← L² Lab
💰 Economic Thinking
Card 09
🐄 🌿 🐄 💀

A village shares a pasture. Each herder thinks: "I'll add one more cow—I get all the milk, but overgrazing cost is shared by everyone." What happens next?

💭 How to Think About This

The TRAGEDY OF THE COMMONS describes how shared resources get overused. Each person benefits from using more (grazing more cattle, catching more fish) while costs are spread across everyone. What's rational for each individual may be disastrous for all.

What do you think will happen to the pasture?

🤔 Which thinking lens(es) did you use?

Select all the lenses you used:

👨‍👩‍👧 For Parents & Teachers

🌱 A Small Everyday Story

"Why is the shared kitchen always dirty?"
"Because cleaning benefits everyone,
but cleaning costs only me."
"So nobody cleans?"
"Right. If I clean, everyone benefits but I pay.
If I don't, I avoid the cost."
"So everyone waits for someone else..."
"And the kitchen stays dirty.
That's the tragedy of the commons."

See more guidance →

🧠 Thinking habits this builds:

  • Seeing individual-collective tensions
  • Understanding why shared resources fail
  • Recognizing free-rider problems
  • Thinking about institutional solutions

🌿 Behaviors you may notice (and reinforce):

  • "This is a tragedy of the commons situation"
  • Identifying free-rider dynamics
  • Understanding need for collective rules
  • Thinking about how to align incentives

How to reinforce: Point out commons problems: shared spaces, public resources, environmental issues. Ask: "Why doesn't everyone just cooperate?" Explore what structures might help.

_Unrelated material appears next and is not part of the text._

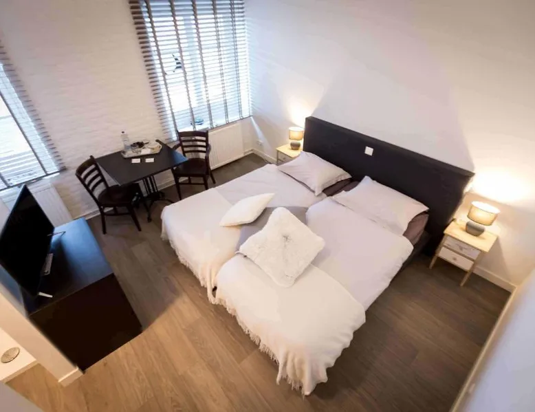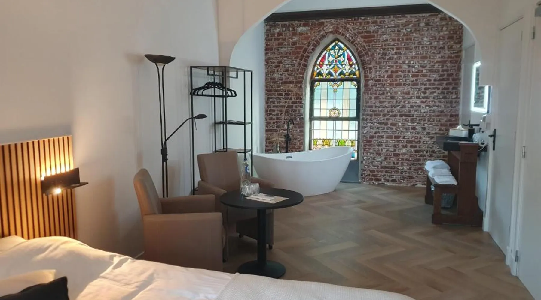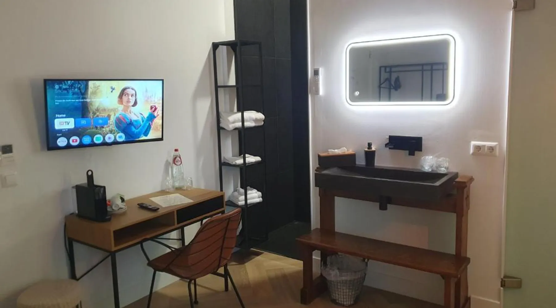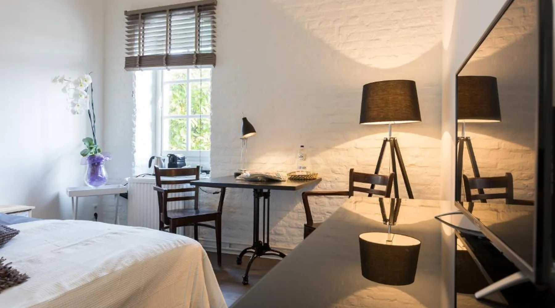 Comfortable Accommodations: B&B - Eetcafe - Riekelt in Gronsveld offers comfortable rooms with private bathrooms, free WiFi, and modern amenities. Each room includes a work desk, TV, and a private balcony or terrace. Dining and Leisure: Guests can enjoy a continental breakfast with vegetarian and gluten-free options, including juice, cheese, and fruits. The on-site restaurant serves European cuisine for brunch, lunch, and dinner, complemented by a bar offering cocktails. Convenient Location: Located 9.3 mi from Maastricht-Aachen Airport, the property is a short walk from Kasteel van Rijckholt. Nearby attractions include Basilica of Saint Servatius and Vrijthof, each 6.8 mi away. Free bicycles are available for exploring the area. The family room offers a seating area, a sofa, as well as a private bathroom featuring a walk-in shower and a hairdryer. This family room features a tea and coffee maker, flat-screen TV with streaming services, a quiet street view, as well as wine/champagne for guests.

🔄 When ideas are still forming:

Some learners may conclude "people are selfish" or "only private ownership works." Help them see that the problem is STRUCTURE, not human nature—and various solutions can work in different contexts.

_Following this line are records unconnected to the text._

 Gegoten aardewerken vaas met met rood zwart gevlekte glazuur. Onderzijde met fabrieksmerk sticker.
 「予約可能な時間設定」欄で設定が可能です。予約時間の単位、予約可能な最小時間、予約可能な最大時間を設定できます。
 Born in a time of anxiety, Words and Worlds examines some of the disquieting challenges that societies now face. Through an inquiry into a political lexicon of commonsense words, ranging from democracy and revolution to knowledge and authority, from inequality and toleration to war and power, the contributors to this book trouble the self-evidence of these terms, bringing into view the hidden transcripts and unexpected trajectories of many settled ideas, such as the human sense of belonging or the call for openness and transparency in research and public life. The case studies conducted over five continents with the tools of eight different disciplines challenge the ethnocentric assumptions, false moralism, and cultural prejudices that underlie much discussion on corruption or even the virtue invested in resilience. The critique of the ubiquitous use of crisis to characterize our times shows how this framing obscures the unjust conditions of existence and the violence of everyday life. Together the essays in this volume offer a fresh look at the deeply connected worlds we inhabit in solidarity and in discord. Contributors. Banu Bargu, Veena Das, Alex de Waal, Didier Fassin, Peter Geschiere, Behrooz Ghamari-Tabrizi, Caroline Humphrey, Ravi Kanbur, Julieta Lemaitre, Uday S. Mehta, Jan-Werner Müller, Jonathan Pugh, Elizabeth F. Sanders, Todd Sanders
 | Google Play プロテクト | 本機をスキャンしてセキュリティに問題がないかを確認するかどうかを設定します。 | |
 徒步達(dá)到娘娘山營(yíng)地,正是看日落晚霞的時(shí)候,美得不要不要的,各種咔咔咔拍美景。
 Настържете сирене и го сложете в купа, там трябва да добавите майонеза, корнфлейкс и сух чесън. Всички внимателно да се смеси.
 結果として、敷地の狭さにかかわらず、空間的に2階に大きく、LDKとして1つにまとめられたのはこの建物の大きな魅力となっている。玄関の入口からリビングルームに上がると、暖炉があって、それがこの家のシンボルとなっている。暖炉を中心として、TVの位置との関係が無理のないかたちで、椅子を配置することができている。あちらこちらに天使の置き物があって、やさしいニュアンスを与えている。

Helpful response: "The tragedy isn't about bad people—it's about bad incentive structures. The same people who destroy a commons might protect their own property. The question is: what structures align individual incentives with collective good?"

🔬 If you want to go deeper:

  • Study Elinor Ostrom's work on governing the commons
  • Explore prisoner's dilemma and game theory
  • Analyze successful and failed commons management

Key concepts (for adults): Tragedy of the commons, free-rider problem, collective action problem, prisoner's dilemma, Ostrom's principles, public goods.